> SOURCE MATERIAL:
● ● ● ● ● ● ●

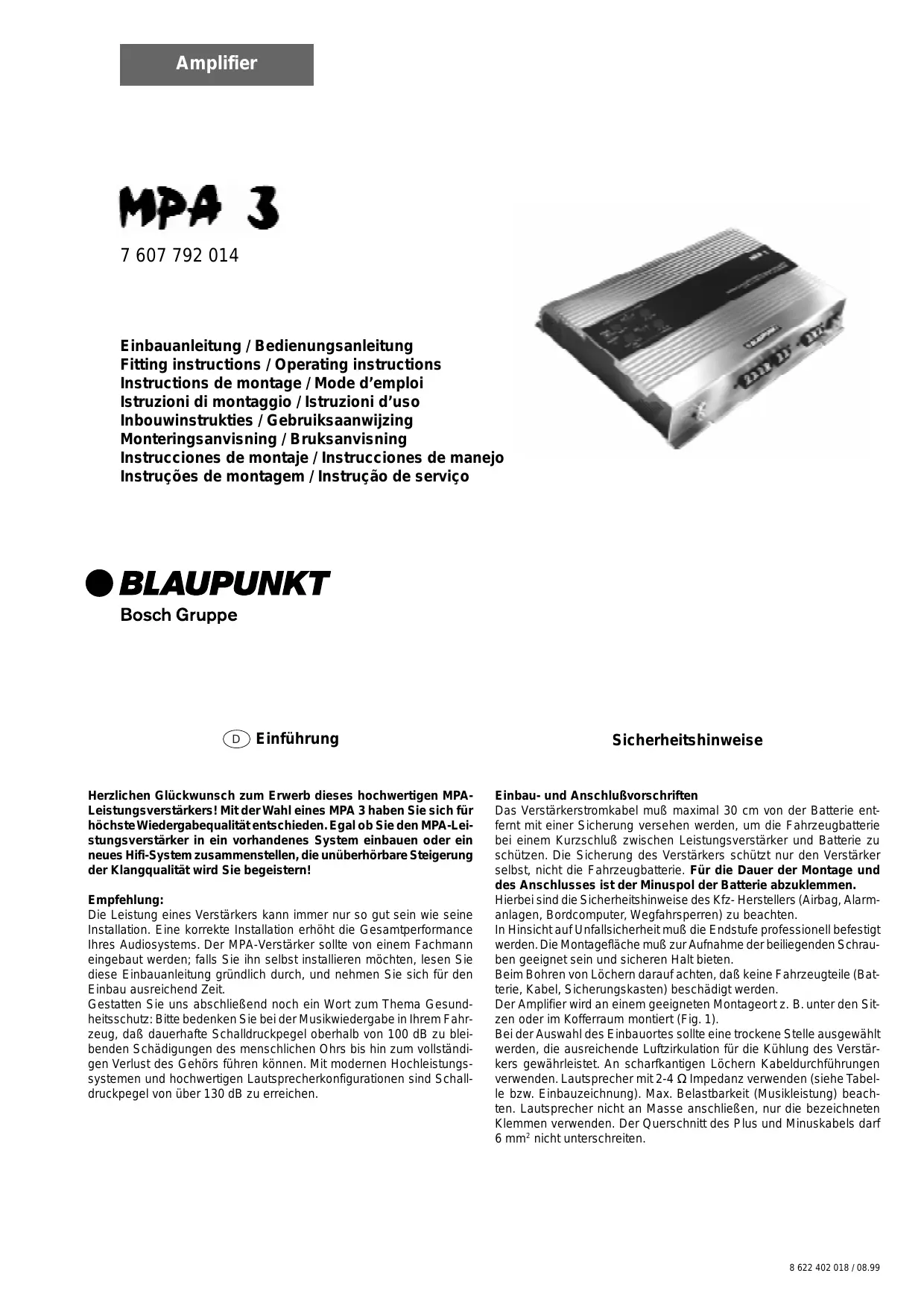 MPA 3 - Leistungsverstärker BLAUPUNKT - Kostenlose Bedienungsanleitung
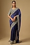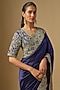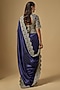 Featuring a purple saree in silk base with zardosi work. It is paired with a blouse. Accentuate it with statement jewellery and embellished heels for a reception, wedding, engagement or sangeet ceremony.
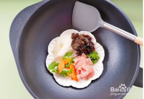 准备好食材,山药和胡萝卜切成菱形状,不会切也可以顺势切,然后将山药用水焯一下,肉用淀粉、少许盐腌制一会
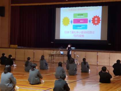 性感染症の基礎的なことや広がり方、予防方法などについて、一部実演も交えながらお話ししていただきました。

● ● ● ● ● ● ●

> TASK INSTRUCTIONS: The data above must be copied exactly. Leave out the pictures.

> RESPONSE TO THE TASK:
 MPA 3 - Leistungsverstärker BLAUPUNKT - Kostenlose Bedienungsanleitung
 Featuring a purple saree in silk base with zardosi work. It is paired with a blouse. Accentuate it with statement jewellery and embellished heels for a reception, wedding, engagement or sangeet ceremony.
 准备好食材,山药和胡萝卜切成菱形状,不会切也可以顺势切,然后将山药用水焯一下,肉用淀粉、少许盐腌制一会
 性感染症の基礎的なことや広がり方、予防方法などについて、一部実演も交えながらお話ししていただきました。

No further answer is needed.